There has to be a reason for that.

Well, the rumor is that his strategy is to sit back through the first few states, let the candidates attack each other and spend themselves nearly broke doing it, then step in and try and fill the void by dropping all of his money on ads for Super Tuesday, and possibly Florida the week before.

If true, this strategy is smart for several reasons based on the conditions a month ago – all of which are peculiar to this year, which is unlike any we've seen in modern history...

Interesting. This isn't the first time that has been mentioned as a strategy, but Kramer goes more in-depth. See ya tomorrow! And don't forget to send Ron and Carol Paul an anniversary donation:



01-28-2008, 08:08 PM
By 1798, Georgia was the last state to ban the African slave trade, which stopped the influx of slaves into the country. So why couldn't the United States have taken after the British Empire? Every other major country in the world got rid of slavery without civil war. Paul's opinions on the American Civil War truly don't sound so insane.

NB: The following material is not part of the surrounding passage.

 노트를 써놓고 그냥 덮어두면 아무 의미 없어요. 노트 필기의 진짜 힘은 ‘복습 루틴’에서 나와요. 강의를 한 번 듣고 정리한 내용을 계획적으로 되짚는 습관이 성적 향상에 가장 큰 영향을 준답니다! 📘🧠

Yes, except for the fact that the civil war wasn't started to free slaves. The issue of freeing the slaves was only brought up later, as a political tool to help motivate people to fight. The civil war was started because of unfair taxation against the south...

01-28-2008, 09:38 PM
Yes, except for the fact that the civil war wasn't started to free slaves. The issue of freeing the slaves was only brought up later, as a political tool to help motivate people to fight. The civil war was started because of unfair taxation against the south...

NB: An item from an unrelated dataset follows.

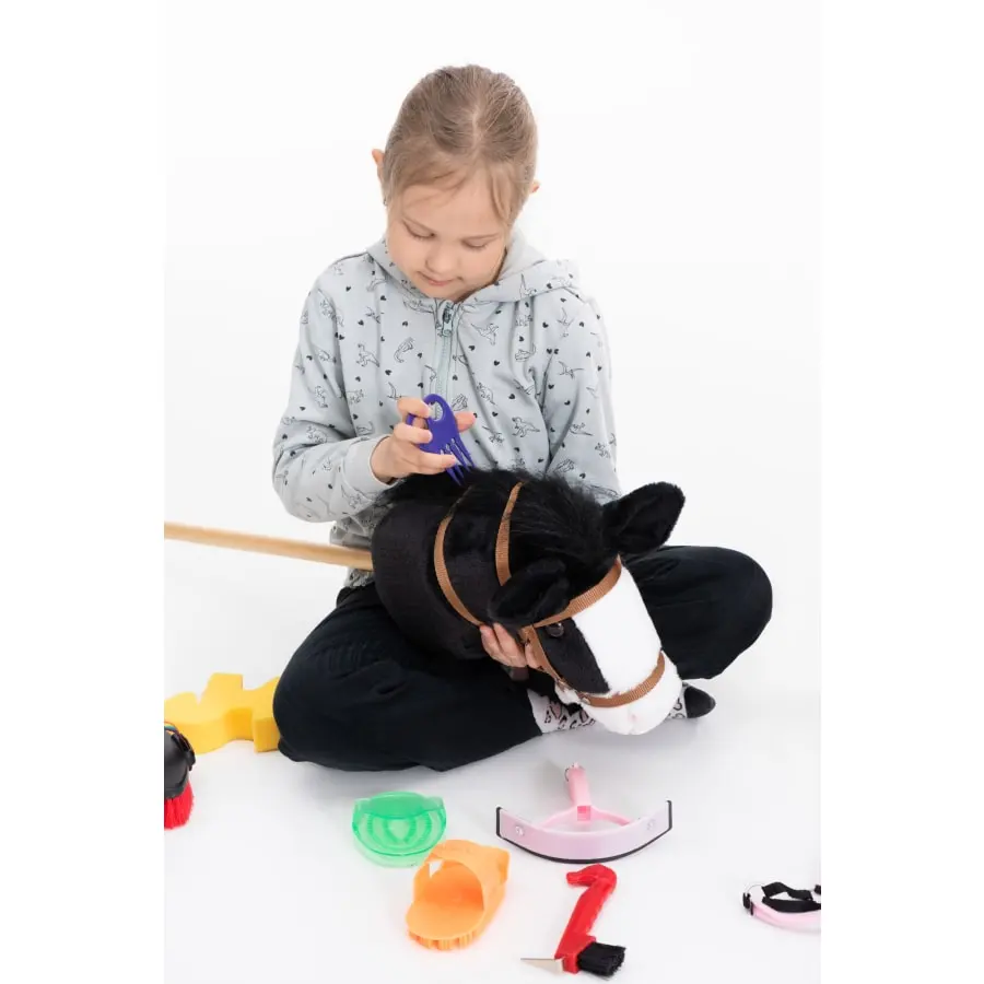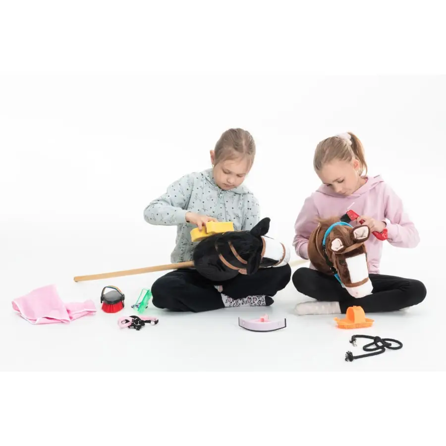 Hobby horse with big plush head. Bridles without bit. Hobby horses attract for versatile and athletic games.

Try to convince a normal (mostly ignorant and educated in the definitely pro-union history taught in our schools) person of that and they'll tell you that the taxes were the side issue the south used to motivate people to fight.

Ron Paul should stay out of it for now I think. Grassroots should begin the process of convincing the general populace of this. tanstaafl

01-29-2008, 07:16 AM
Paul's response was the type of absolutist, libertarian logic one would expect.

"... some who enjoy what I say and agree with me on civil liberties as well as on the war, ... resort to saying that it's the responsibility of the government to redistribute wealth," he said. "And I see that as the illegal and immoral use of force in both areas."


Living in the U.K., I find that mind-blowing. It is difficult to imagine any sober person in public life in the UK speaking like that.